#### Data extracts:
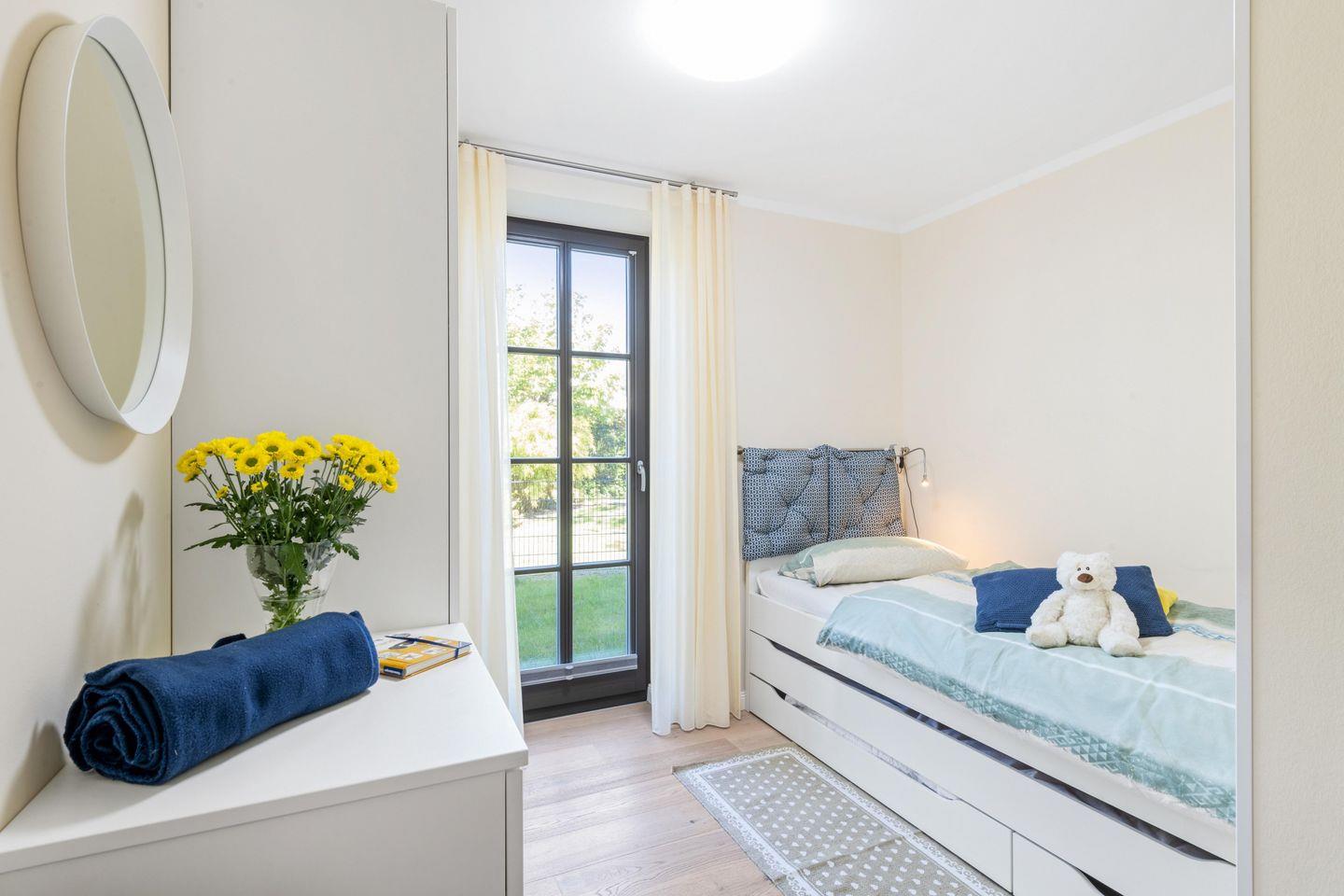 Ein Schlafzimmer ist mit einem Doppelbett (Boxspringbett, mit durchgehender Matratze 1,80 m x 2,00 m) und einem Kleiderschrank ausgestattet. Das andere Schlafzimmer mit einem Einzelbett und Auszug für die 4. Person.
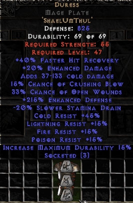 Buy Diablo II Duress Mage Plate - 215% EDef & 20% EDmg - Perfect
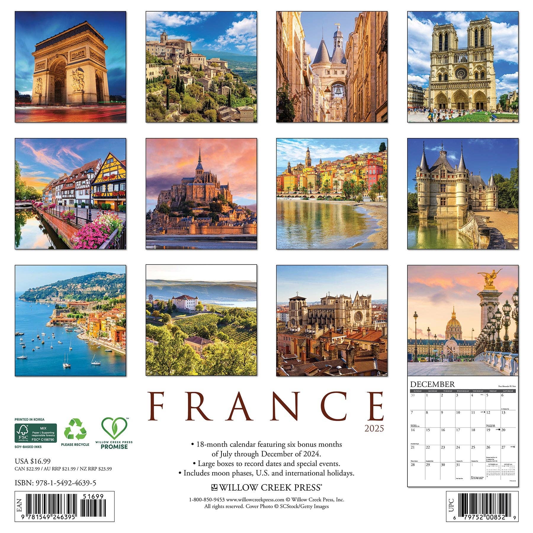 The splendors of l’Hexagone are on full display with the 2025 France 12" x 12" Wall Calendar. Each month unveils a captivating glimpse of this romantically beautiful country, inviting you to savor the loveliness of its cities, the charm of the countryside, and rich culture of the arts, cuisine, and architecture. Whether you're a Francophile dreaming of your next visit or appreciate the allure of the French, this calendar is a celebration of la joie de vivre.
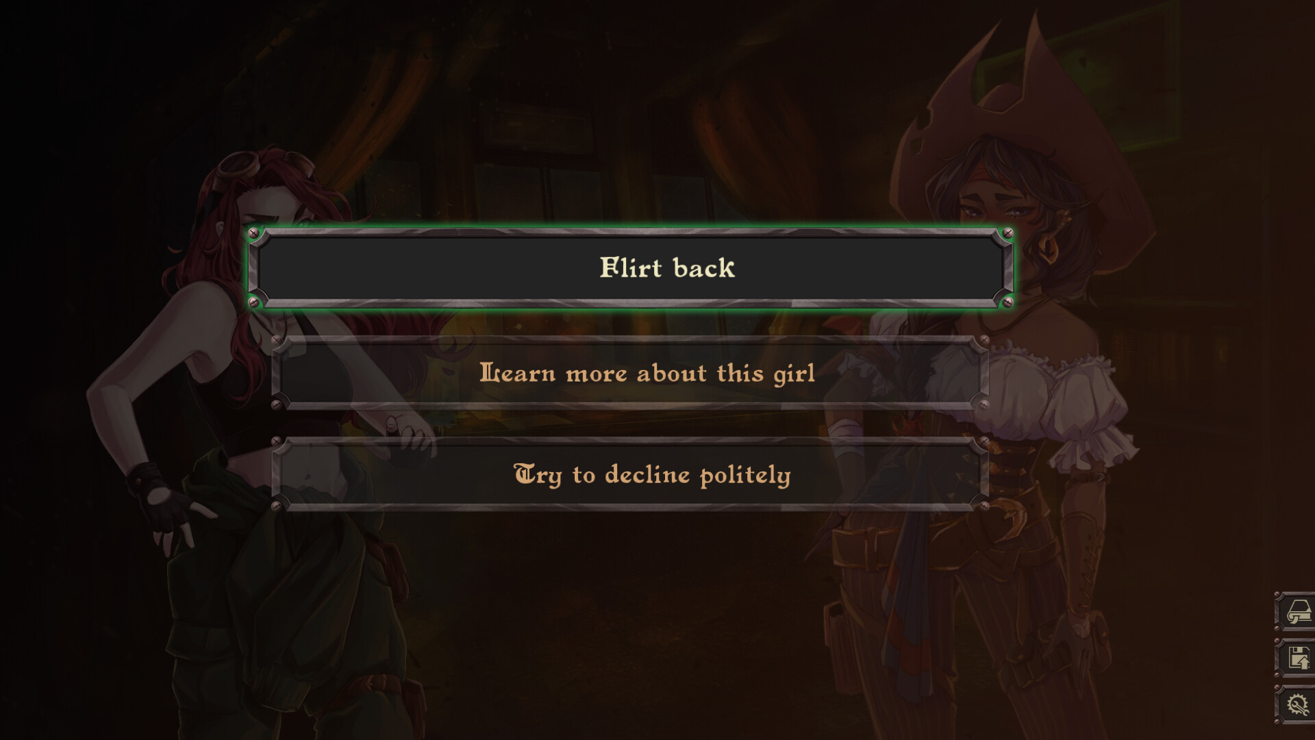 If you wish, you can enter into romantic relationships with any of the four male and female companions who cross your path. You can also opt for sincere friendships if you prefer. Romance is not a requirement for a successful adventure. The choice is yours.
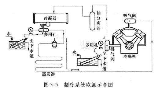 1)將氟壓縮機排氣閥和冷凝器出液閥開足,此時氟截止閥A和B處多用孔即被關閉。取下堵頭,依照圖3-5接好取氟管。
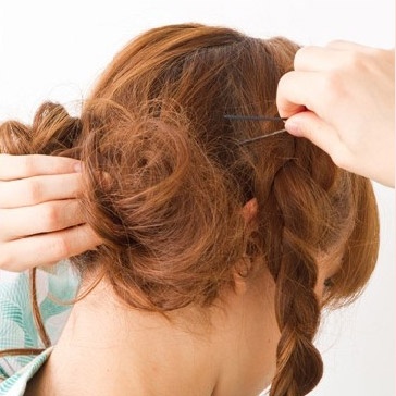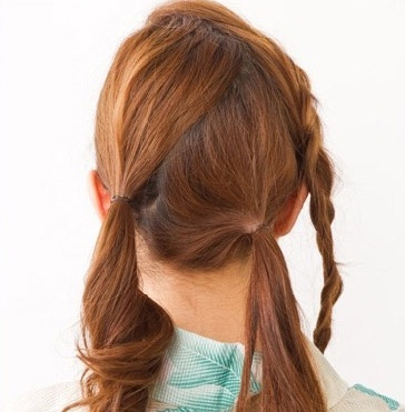 | Cố đính lọn tóc tết với chun cùng màu tóc. Sau đó, chia toàn bộ phần tóc còn lại thành 2 phần, buộc thành 2 lọn như hình vẽ. |
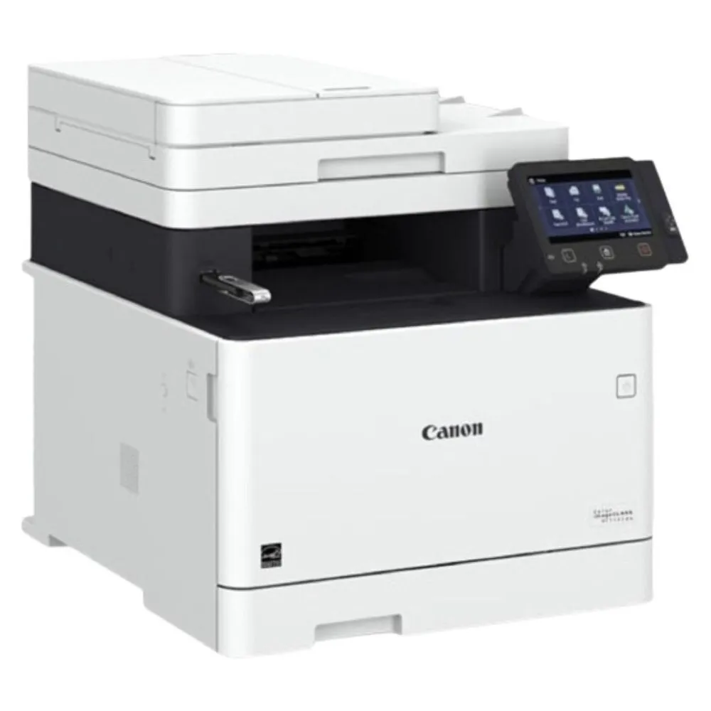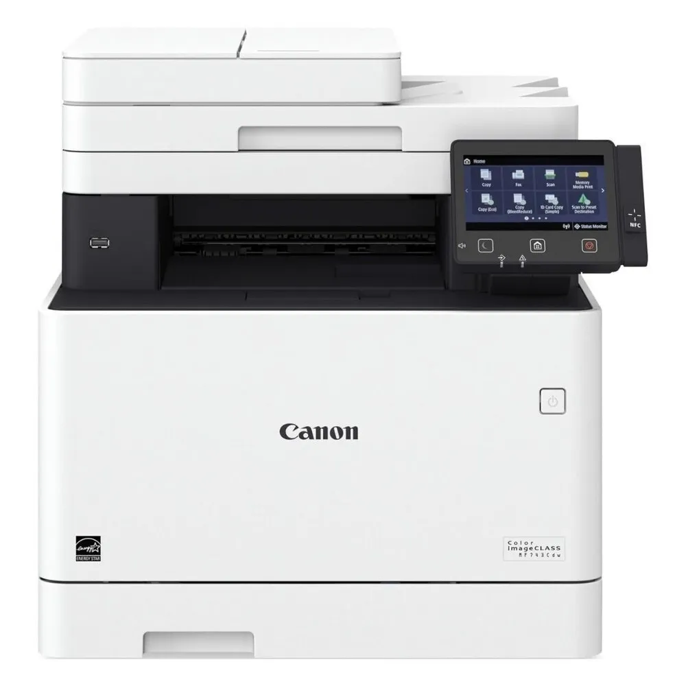 The Canon ImageCLASS MF654Cdw is a versatile color multifunction laser printer designed for office environments requiring reliable printing, copying, scanning, and faxing capabilities. It features a robust 1.07 GHz dual-core processor and 1 GB RAM to handle complex print jobs efficiently. The printer supports wireless connectivity including Wi-Fi and NFC, enabling mobile printing from multiple devices. It offers print speeds up to 22 pages per minute in both color and black-and-white, with a maximum resolution of 600 x 600 dpi. Equipped with a 5-inch color touchscreen, it provides intuitive access to various functions and settings. The device supports automatic duplex (2-sided) printing, which helps reduce paper usage and operational costs.
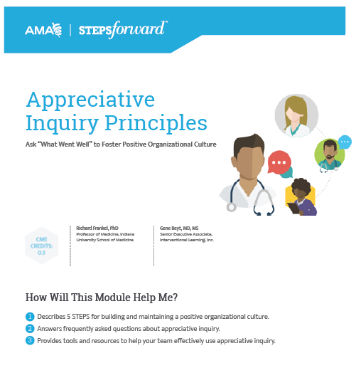 (May, N., Becker, D., Frankel, R., et al. Appreciative Inquiry in Health Care Positive Questions to Bring Out the Best. Brunswick, OH: Crown Custom Publishing, Inc.; 2011.)
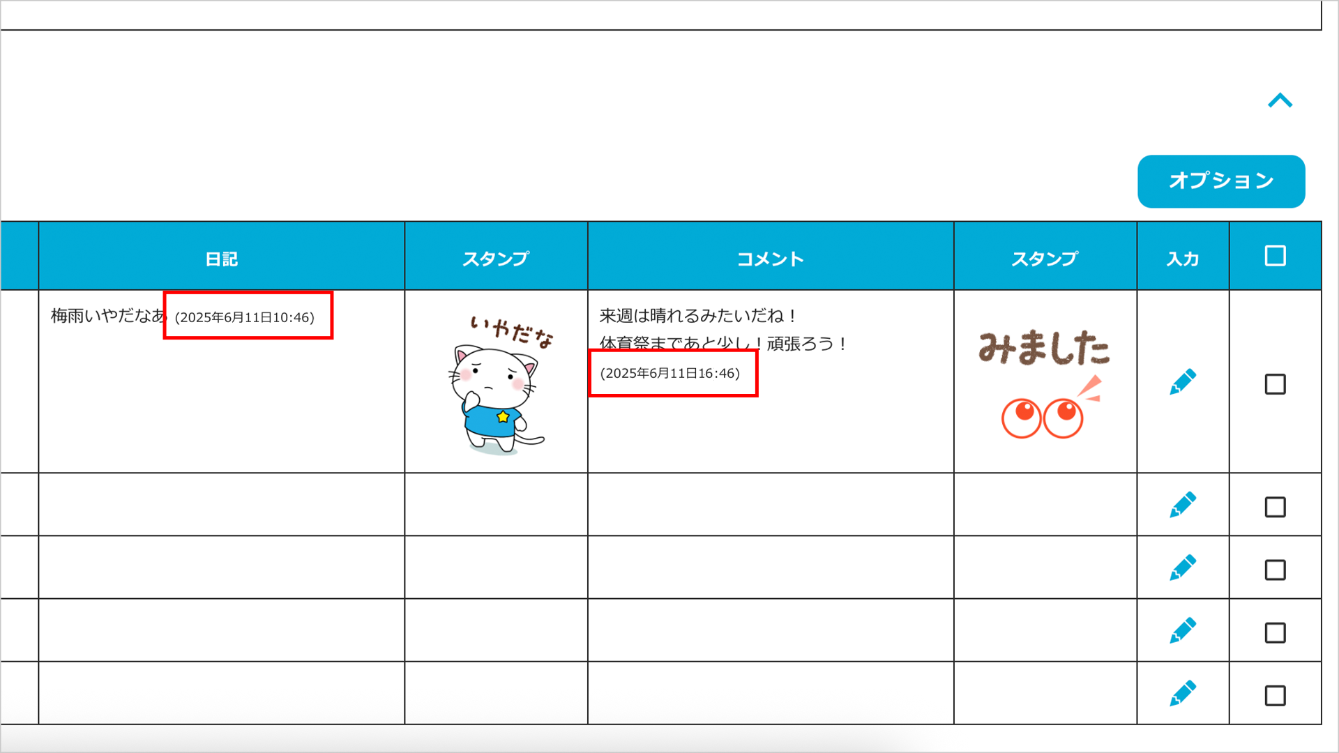 「児童生徒が生活記録を送信した日時」および「先生がコメントを送信した日時」が生活記録一覧画面に表示されるようになりました。なお、児童生徒画面には日時は表示されません。

#### What is expected:
Take the material above from the line bearing "Buy Diablo II" through the line bearing "1)將氟壓縮機排氣閥和冷凝器" and write it out exactly, both end lines included. Pictures stay out.

#### Solution:
 Buy Diablo II Duress Mage Plate - 215% EDef & 20% EDmg - Perfect
 The splendors of l’Hexagone are on full display with the 2025 France 12" x 12" Wall Calendar. Each month unveils a captivating glimpse of this romantically beautiful country, inviting you to savor the loveliness of its cities, the charm of the countryside, and rich culture of the arts, cuisine, and architecture. Whether you're a Francophile dreaming of your next visit or appreciate the allure of the French, this calendar is a celebration of la joie de vivre.
 If you wish, you can enter into romantic relationships with any of the four male and female companions who cross your path. You can also opt for sincere friendships if you prefer. Romance is not a requirement for a successful adventure. The choice is yours.
 1)將氟壓縮機排氣閥和冷凝器出液閥開足,此時氟截止閥A和B處多用孔即被關閉。取下堵頭,依照圖3-5接好取氟管。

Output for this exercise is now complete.